- TASK BRIEF -
Could you print, exactly and without pictures, only the lines from the one with "своей странице журналист." through the end of the records below?

┌────────

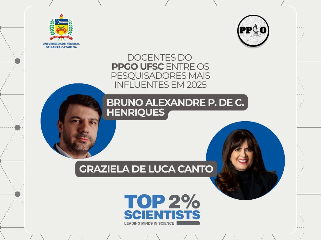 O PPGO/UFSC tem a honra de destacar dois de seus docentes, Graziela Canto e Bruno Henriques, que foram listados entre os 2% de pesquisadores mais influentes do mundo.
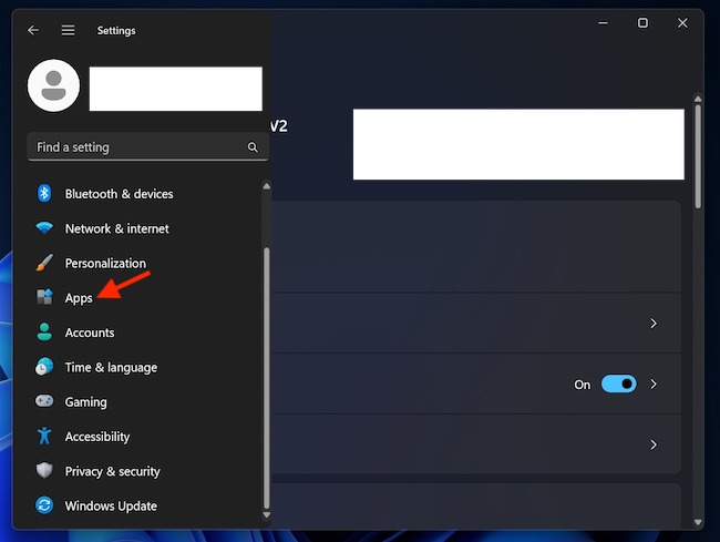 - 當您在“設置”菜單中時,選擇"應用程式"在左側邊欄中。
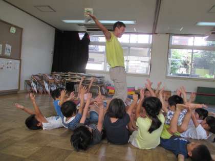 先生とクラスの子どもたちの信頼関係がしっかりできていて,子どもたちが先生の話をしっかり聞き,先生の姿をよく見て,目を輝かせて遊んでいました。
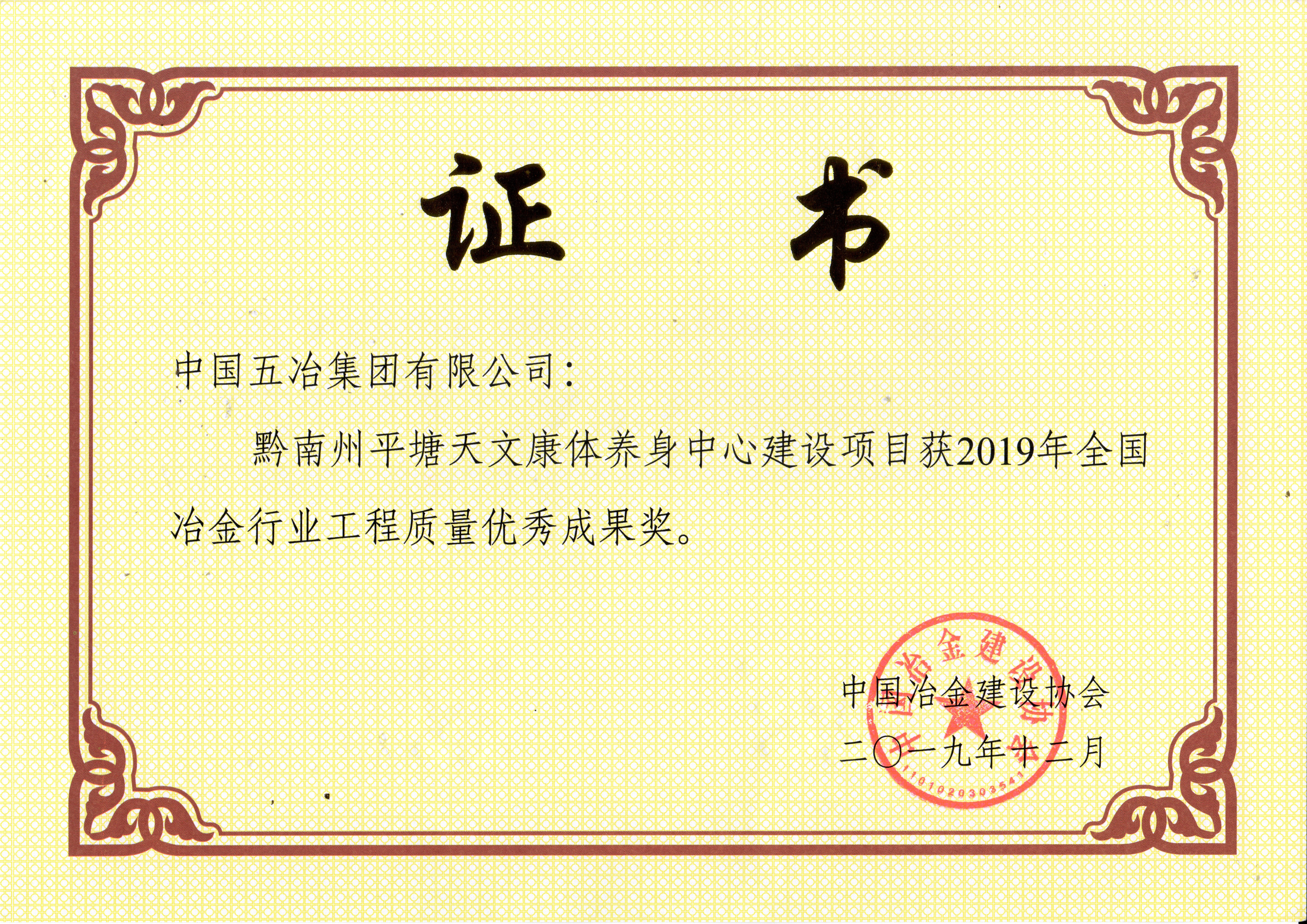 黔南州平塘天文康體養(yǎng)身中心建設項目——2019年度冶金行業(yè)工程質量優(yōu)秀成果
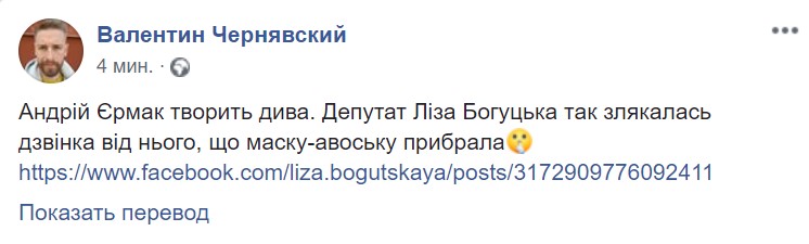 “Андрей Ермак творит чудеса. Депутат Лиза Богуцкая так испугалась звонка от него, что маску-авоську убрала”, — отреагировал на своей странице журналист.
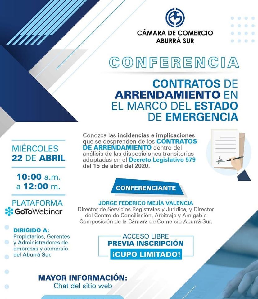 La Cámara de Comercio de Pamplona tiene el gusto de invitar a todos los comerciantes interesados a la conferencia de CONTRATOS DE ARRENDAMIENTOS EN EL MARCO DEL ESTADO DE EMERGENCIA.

└────────

- ANSWER TO THIS EXERCISE -
 “Андрей Ермак творит чудеса. Депутат Лиза Богуцкая так испугалась звонка от него, что маску-авоську убрала”, — отреагировал на своей странице журналист.
 La Cámara de Comercio de Pamplona tiene el gusto de invitar a todos los comerciantes interesados a la conferencia de CONTRATOS DE ARRENDAMIENTOS EN EL MARCO DEL ESTADO DE EMERGENCIA.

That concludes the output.